In 1983, she moved to Italy. From the beginning of her stay she started to study the Italian language at the University for Foreigners of Siena in Tuscany. During her stay in Sicily (1990–1999) she distinguished herself for her cooperation with the Polish-Sicilian Association by promoting her native culture, the arts and literature. She currently resides in Rome where she has become a journalist and she writes for a few literature inspired newspapers and cultural magazines, such as the "Corriere Romano" (The Roman Courier), "La Scena Illustrata" (The Illustrated Scene) and "Il Giornale dei Poeti" (The Poets' Journal). She is studying and translating a variety of contemporary authors, but first of all she is translating Carol Woityla's poetry.

In January 2003, she translated to Italian the "Trittico Romano.Meditazioni" (The Roman Triptych: Meditations) written in Polish by Pope John Paul II and published by the Vatican, with the presentation of Joseph Cardinal Ratzinger. The official inauguration took place the March 6, 2003 in the Sala Stampa of the Vatican in the presence of the author, Pope John Paul II. In 1998 she published her first collection of poems "Curriculum" which was presented in the International Book Showcase in Turin. The artist's second collections of works, "Sull'onda del respiro" (On breath's weave), was published in 2000 and presented for the first time in the honorary suite of the St.Mary of Angels Basilica, nearby Piazza Republica in Rome. The latest published collection of poems "Alibi di una farfalla" (A butterfly's alibi) was admitted to the Vatican Book Archives. This last book was presented and inaugurated in the Sicilian city of the most prominent regional authorities and the Mayor of Piazza Armerina in Sicily. In 2003 the book was also presented at the Book Showcase of Frankfurt, in Germany.

Also in Italy, Grażyna Miller received many national as well as international recognitions. Grażyna Miller received an award from the Minister of Italian Culture in 2002.

She won the international "Luigi Vanvitelli 2001" award for "her poetic creativity that and to serve as an inspiration culturally and humanists to the current generation of artists. Other awards received were: First National Award for religious poetry, first "Forum Interart" award for artists, poets and narrators and the "Fiore di Roccia" award for romantic poetry. In 2004 Grażyna Miller received the National literature and Journalism award, during which she was cited for her excellent Italian version of the Roman Triptych.

In Spain, the book received the international "Cartagena 2003" award. The book was also recognized at the Jagiellonian University in Kraków, in Poland where Grażyna Miller received the "Zloty Medal" (Golded Medal) for her crativity and her Polish-Italian involvement. At the same time she was given the international "Najlepsi Roku 2001" (Best of the Year 2001) award in her native country.

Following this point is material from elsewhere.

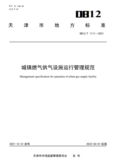 城鎮(zhèn)燃氣供氣設(shè)施運行管理規(guī)范DB12/T 1111—2021:本文件規(guī)定了城鎮(zhèn)燃氣管道與調(diào)壓設(shè)施,天然氣門站、儲配站、計量站設(shè)施,壓縮天然氣設(shè)施,液 化石油氣設(shè)施,液化天然氣設(shè)施,監(jiān)控與數(shù)據(jù)采集系統(tǒng)運行管理的基本要求。 本文件適用于天津市城鎮(zhèn)燃氣供氣設(shè)施從投產(chǎn)至報廢期間的運行管理和評價。 本文件不適用于上述供氣設(shè)施的維護、搶修和各類用戶燃具與用氣設(shè)備的管理,以及農(nóng)村天然氣供 氣設(shè)施的運行管理。

Not only Polish and Italian media such as "Zycie Warszawy", "Dziennik Polski", "L'osservatore Romano", and "Il Messaggero" are interested in Grażyna Miller, but Spanish and American newspapers write about her work as well. The Italian-American bilingual newspaper "Bel Paese" published in USA dedicated a permanent column on one of its pages to her poetry.

For some time, Grażyna Miller also read her poems live on the Italian television: RAI, local network "Antenna Sicilia" and the religious TV network Telepace transmitted live the presentation of her latest book "Alibi di una farfalla", where right after her collection of unedited works she added her translations of some of K.Wojtyla's poems. She released many interviews for both the Italian and the Polish Vatican radio stations, where her poems were read and broadcast.

Grażyna Miller was also interviewed by the national Italian radio and TV station (RAI) which dedicated considerable attention to her work.

She participated in the "International Poetry Contest – A poem for peace", organized by the Anna Kuliscioff Study Center of Turin, Italy with the participation of the Italian President, many Embassys and many international organizations where the author proved her commitment to her humanitarian mission as a poet.

== Works ==
- "Curriculum" (1988)
- "Sull'onda del respiro" ("On the Wave of Breath") (2000)
- "Alibi di una farfalla" ("Alibi of a Butterfly") (2002)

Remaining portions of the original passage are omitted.